Problem:
Go through the data below and transcribe it exactly. Omit the images.
━━ Recorded data
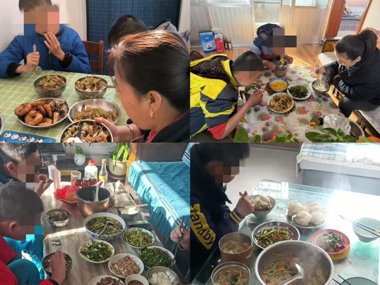 2025年元宵节,寄养家庭线上展开三餐饭菜大比拼。寄养儿童和家长围坐,拍摄饭菜和团圆画面发至群内共庆佳节。
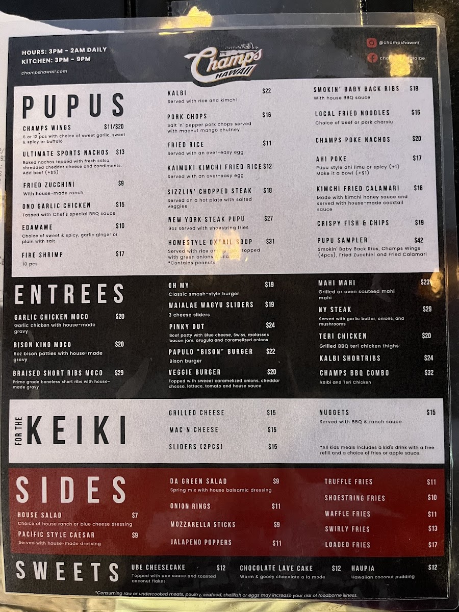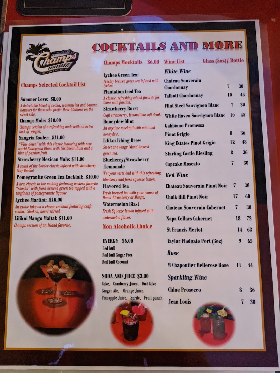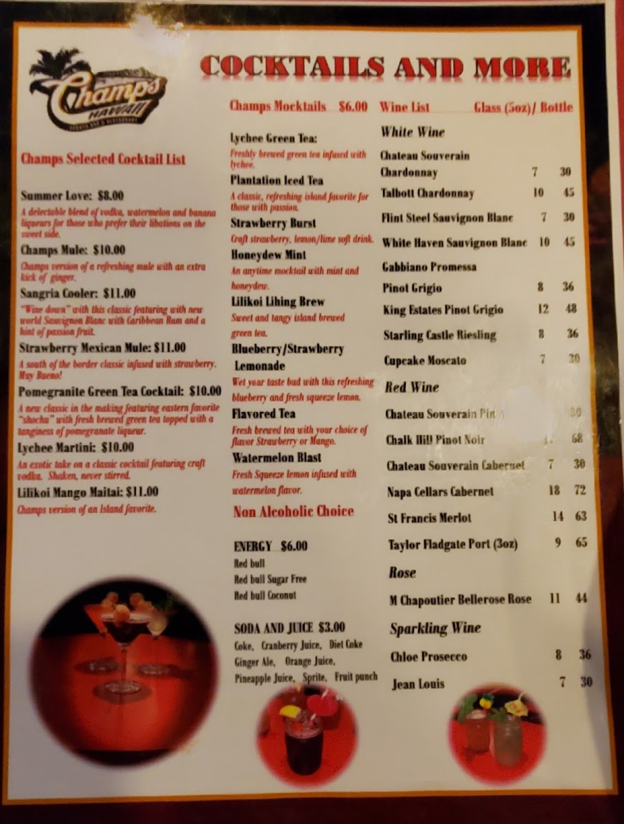 - Cocktails: Indulge in the Lilikoi Mango Maitai or the Champs Mule, offering a unique twist on classic favorites, all around $10-$12.
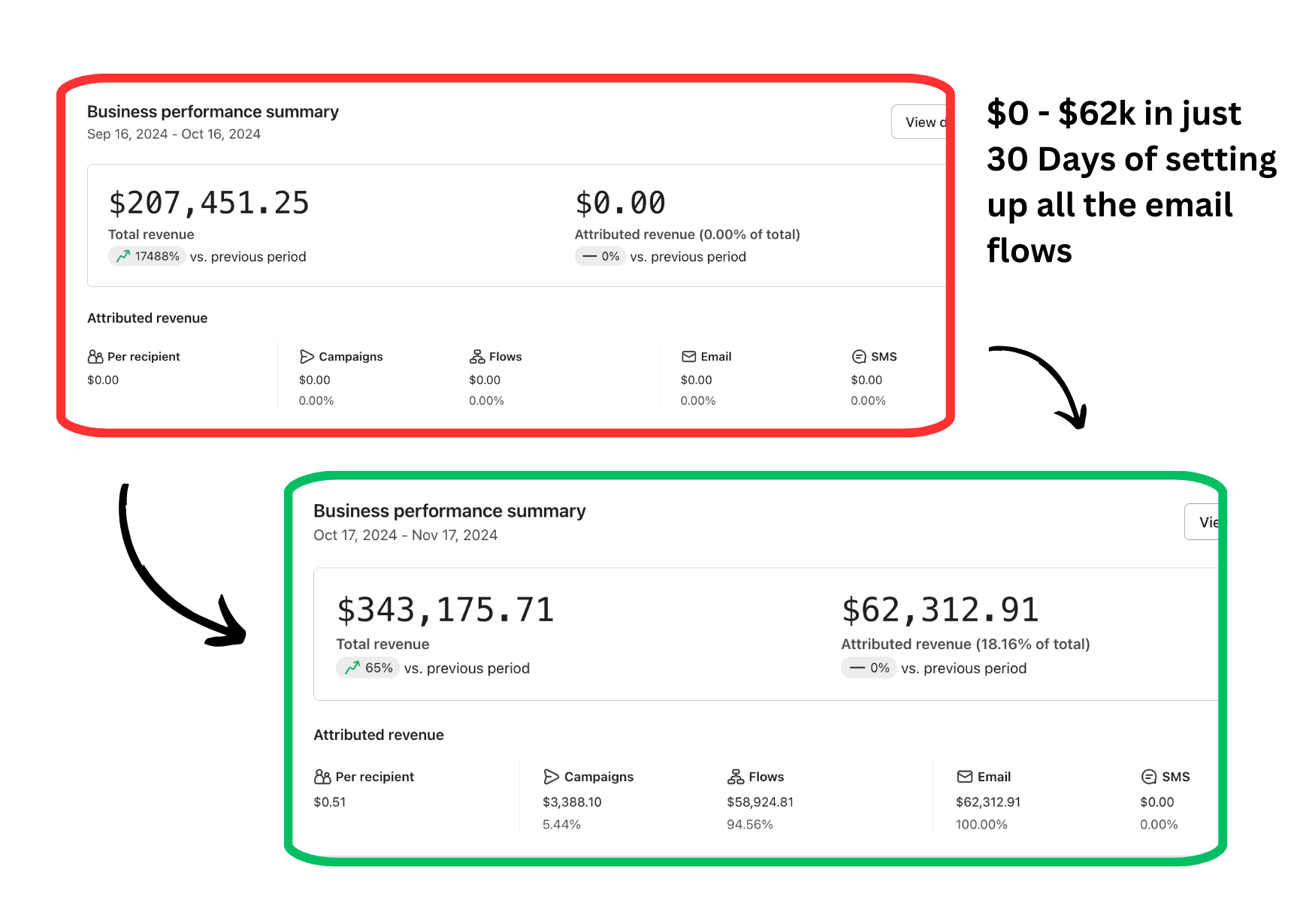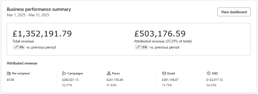 Made them an extra £100,000 just after 30 days of setting up 9 flows and sending 6 campaigns to their list
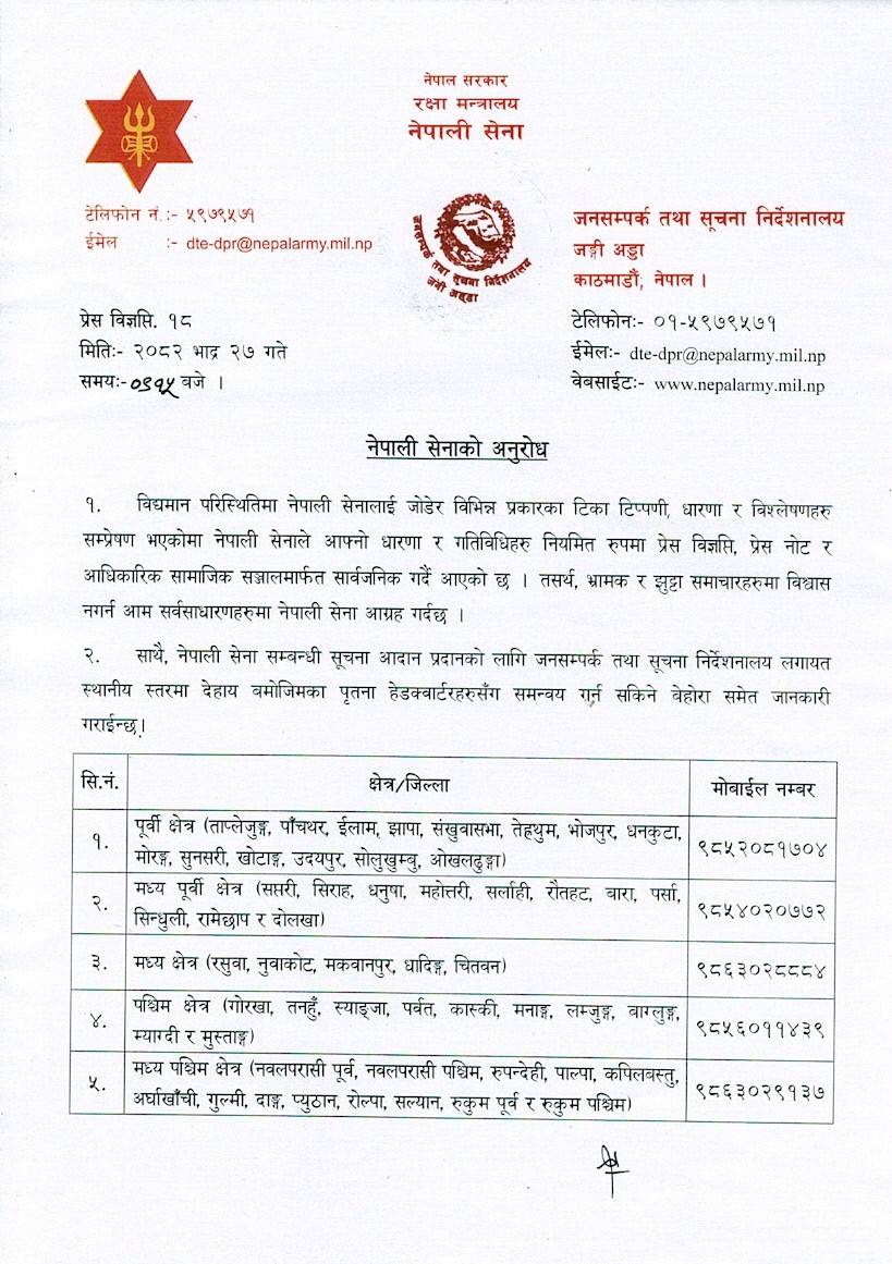 नेपाली सेनाको अनुरोध- भ्रामक र झुट्टा समाचारमा विश्वास नगरौं
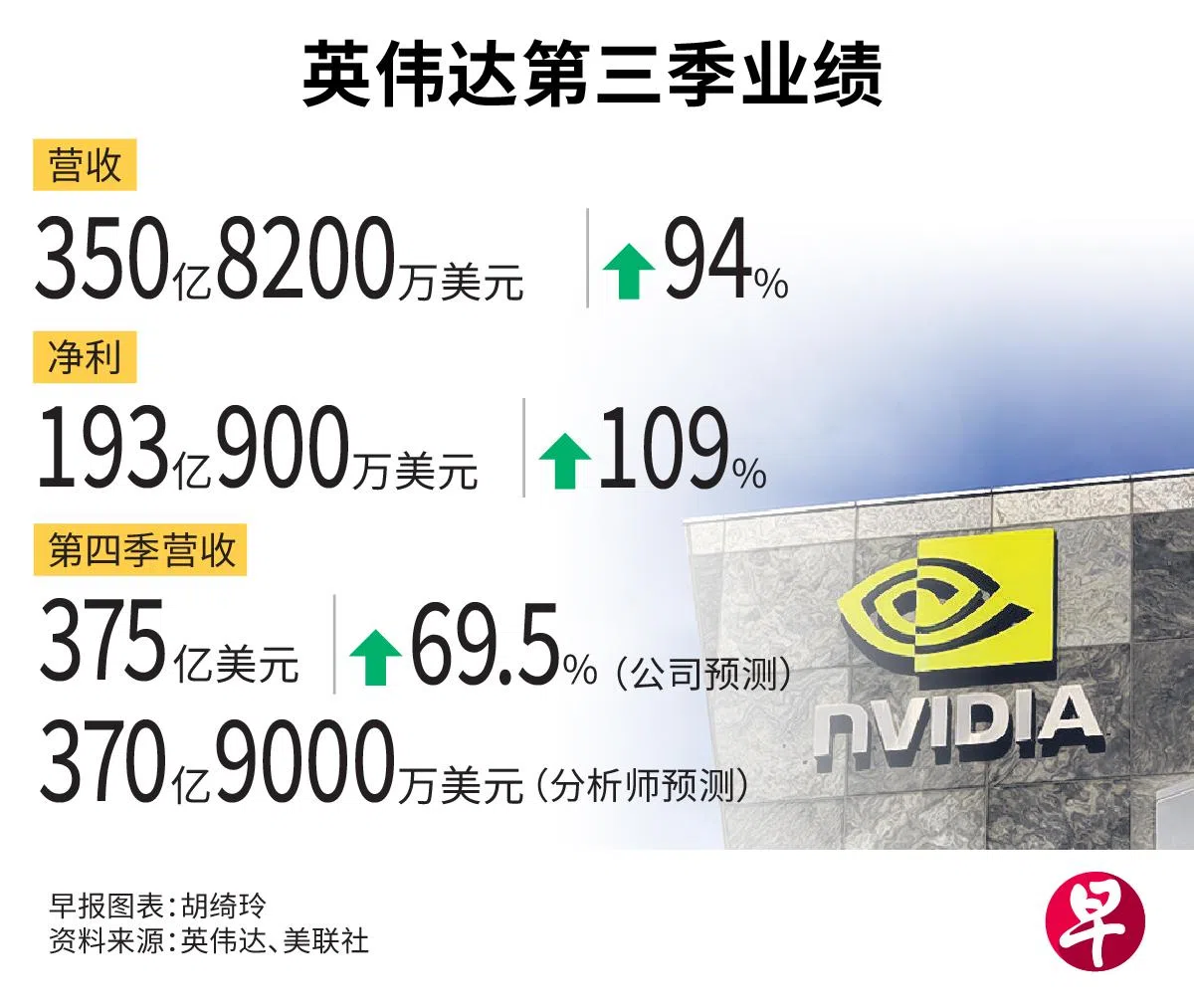 英伟达在星期四(11月21日)公布第三季业绩。公司营收达350亿8200万美元(约470亿9000万新元),同比增长94%。净利达到193亿零900万美元,同比增长109%。
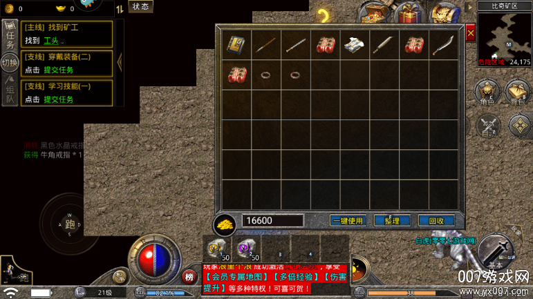 战士在战斗中硬刚少不了金创药来补血,法师和道士的技能伤害又非常依赖魔法值,所以魔法药自然也是必不可少的。这些基本补给品是玩家在冒险中的必备之物。
━━━━
Response area:
 2025年元宵节,寄养家庭线上展开三餐饭菜大比拼。寄养儿童和家长围坐,拍摄饭菜和团圆画面发至群内共庆佳节。
 - Cocktails: Indulge in the Lilikoi Mango Maitai or the Champs Mule, offering a unique twist on classic favorites, all around $10-$12.
 Made them an extra £100,000 just after 30 days of setting up 9 flows and sending 6 campaigns to their list
 नेपाली सेनाको अनुरोध- भ्रामक र झुट्टा समाचारमा विश्वास नगरौं
 英伟达在星期四(11月21日)公布第三季业绩。公司营收达350亿8200万美元(约470亿9000万新元),同比增长94%。净利达到193亿零900万美元,同比增长109%。
 战士在战斗中硬刚少不了金创药来补血,法师和道士的技能伤害又非常依赖魔法值,所以魔法药自然也是必不可少的。这些基本补给品是玩家在冒险中的必备之物。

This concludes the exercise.